## Dataset records
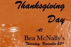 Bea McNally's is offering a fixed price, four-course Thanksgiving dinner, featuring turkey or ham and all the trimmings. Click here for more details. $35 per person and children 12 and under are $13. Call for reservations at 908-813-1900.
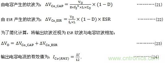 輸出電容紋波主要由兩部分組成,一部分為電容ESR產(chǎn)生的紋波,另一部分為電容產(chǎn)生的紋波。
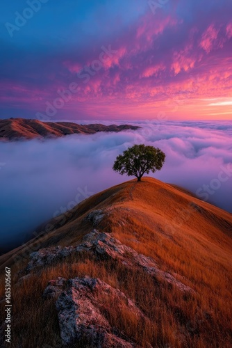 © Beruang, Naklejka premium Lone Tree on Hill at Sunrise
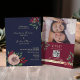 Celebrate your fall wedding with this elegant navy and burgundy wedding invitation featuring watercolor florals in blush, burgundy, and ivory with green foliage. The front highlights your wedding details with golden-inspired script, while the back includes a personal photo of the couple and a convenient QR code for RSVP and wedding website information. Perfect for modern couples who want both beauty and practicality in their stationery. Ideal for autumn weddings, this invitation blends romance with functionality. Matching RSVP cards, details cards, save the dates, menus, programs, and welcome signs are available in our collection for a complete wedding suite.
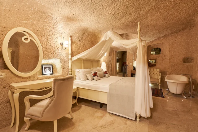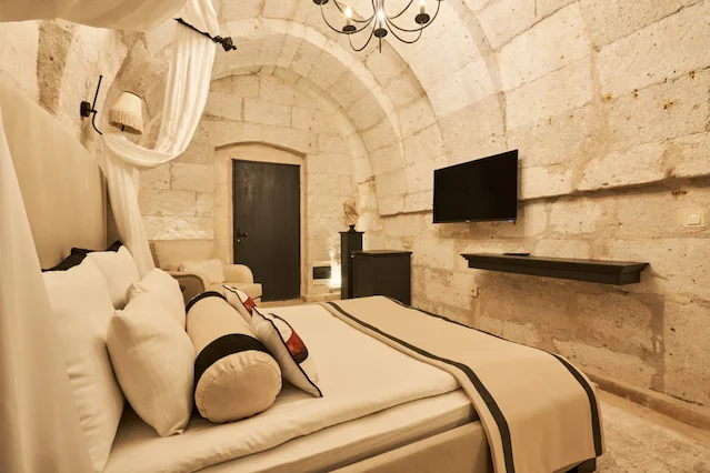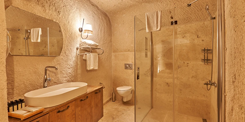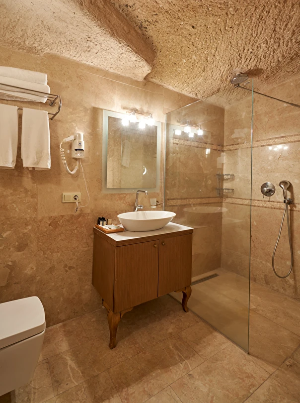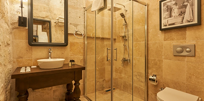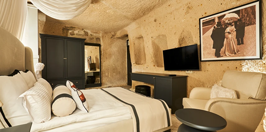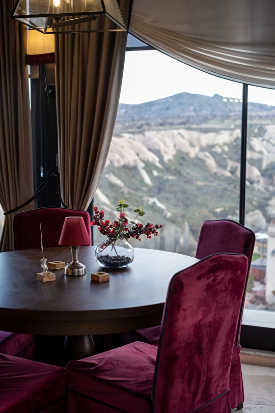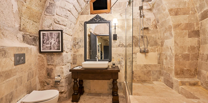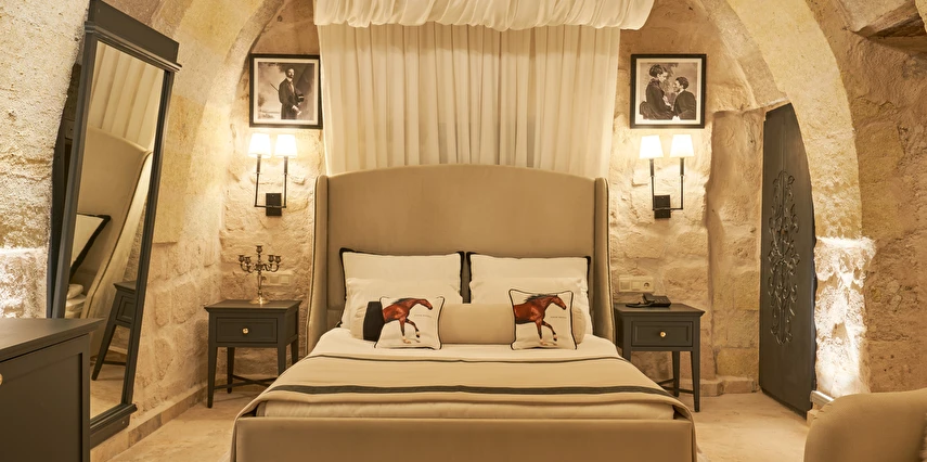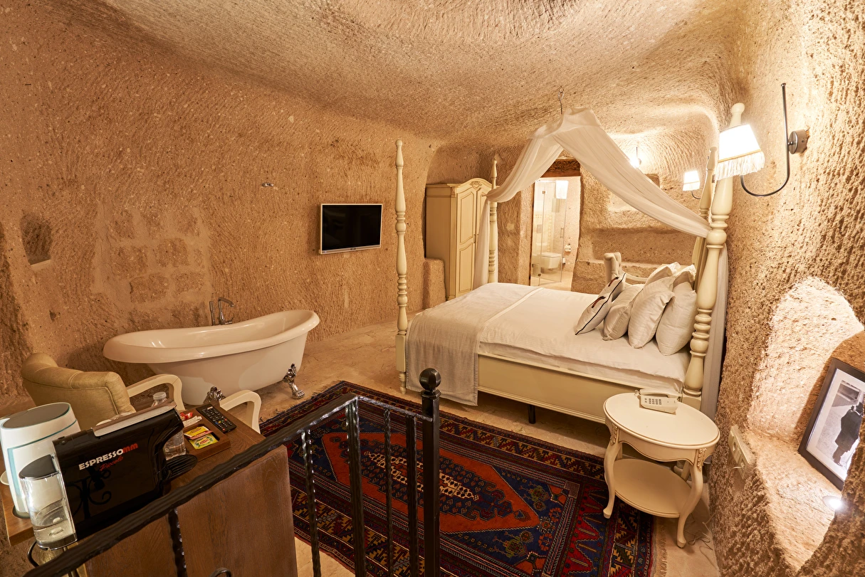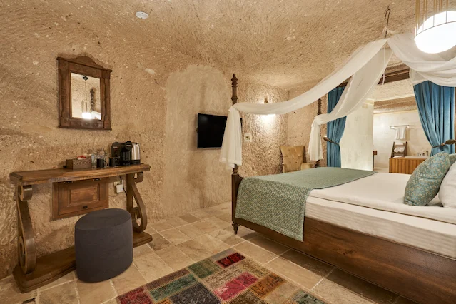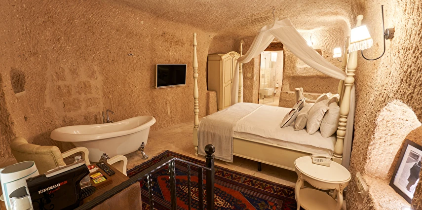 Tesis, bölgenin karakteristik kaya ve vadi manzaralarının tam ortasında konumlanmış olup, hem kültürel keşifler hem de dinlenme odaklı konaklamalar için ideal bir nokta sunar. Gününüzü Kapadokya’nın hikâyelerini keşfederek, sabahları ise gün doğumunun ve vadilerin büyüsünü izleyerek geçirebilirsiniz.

## What the exercise asks
Once the line with "Hill at Sunrise" is found above, transcribe each line from it through the line with "Celebrate your fall", exactly, and omit the pictures.

## Solution
 © Beruang, Naklejka premium Lone Tree on Hill at Sunrise
 Celebrate your fall wedding with this elegant navy and burgundy wedding invitation featuring watercolor florals in blush, burgundy, and ivory with green foliage. The front highlights your wedding details with golden-inspired script, while the back includes a personal photo of the couple and a convenient QR code for RSVP and wedding website information. Perfect for modern couples who want both beauty and practicality in their stationery. Ideal for autumn weddings, this invitation blends romance with functionality. Matching RSVP cards, details cards, save the dates, menus, programs, and welcome signs are available in our collection for a complete wedding suite.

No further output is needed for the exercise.